DATA SUPPLIED:
******

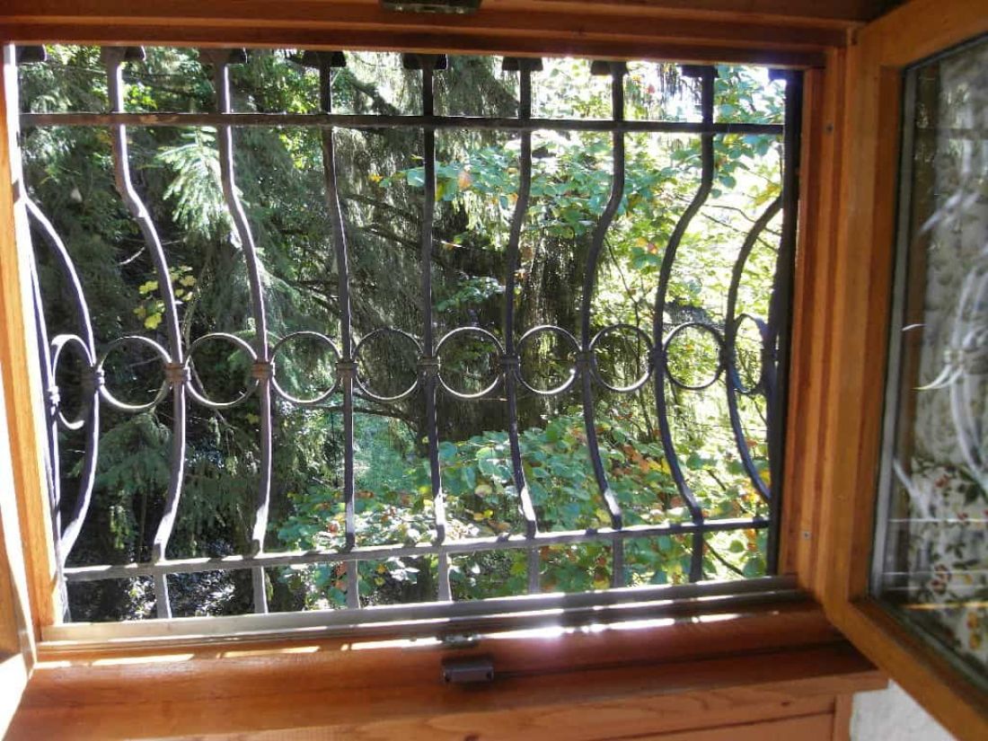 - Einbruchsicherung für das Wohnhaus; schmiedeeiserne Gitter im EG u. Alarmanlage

******

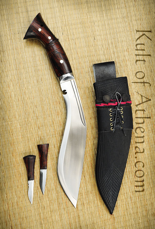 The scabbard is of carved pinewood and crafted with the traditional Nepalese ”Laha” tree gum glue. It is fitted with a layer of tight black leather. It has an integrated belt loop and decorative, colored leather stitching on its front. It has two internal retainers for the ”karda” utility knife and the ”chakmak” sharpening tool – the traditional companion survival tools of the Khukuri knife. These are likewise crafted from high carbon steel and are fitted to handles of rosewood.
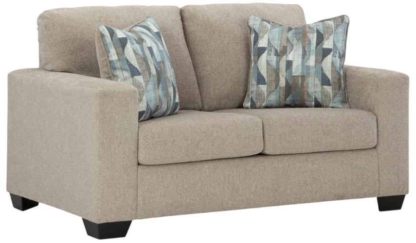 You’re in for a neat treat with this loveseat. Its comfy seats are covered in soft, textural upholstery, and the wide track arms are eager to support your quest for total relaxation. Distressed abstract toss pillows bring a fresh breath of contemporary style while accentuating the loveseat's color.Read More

******

Reproduce the data above exactly, but only from the line containing "The scabbard is" through the line containing "You’re in for"; skip the pictures.

SOLUTION:
 The scabbard is of carved pinewood and crafted with the traditional Nepalese ”Laha” tree gum glue. It is fitted with a layer of tight black leather. It has an integrated belt loop and decorative, colored leather stitching on its front. It has two internal retainers for the ”karda” utility knife and the ”chakmak” sharpening tool – the traditional companion survival tools of the Khukuri knife. These are likewise crafted from high carbon steel and are fitted to handles of rosewood.
 You’re in for a neat treat with this loveseat. Its comfy seats are covered in soft, textural upholstery, and the wide track arms are eager to support your quest for total relaxation. Distressed abstract toss pillows bring a fresh breath of contemporary style while accentuating the loveseat's color.Read More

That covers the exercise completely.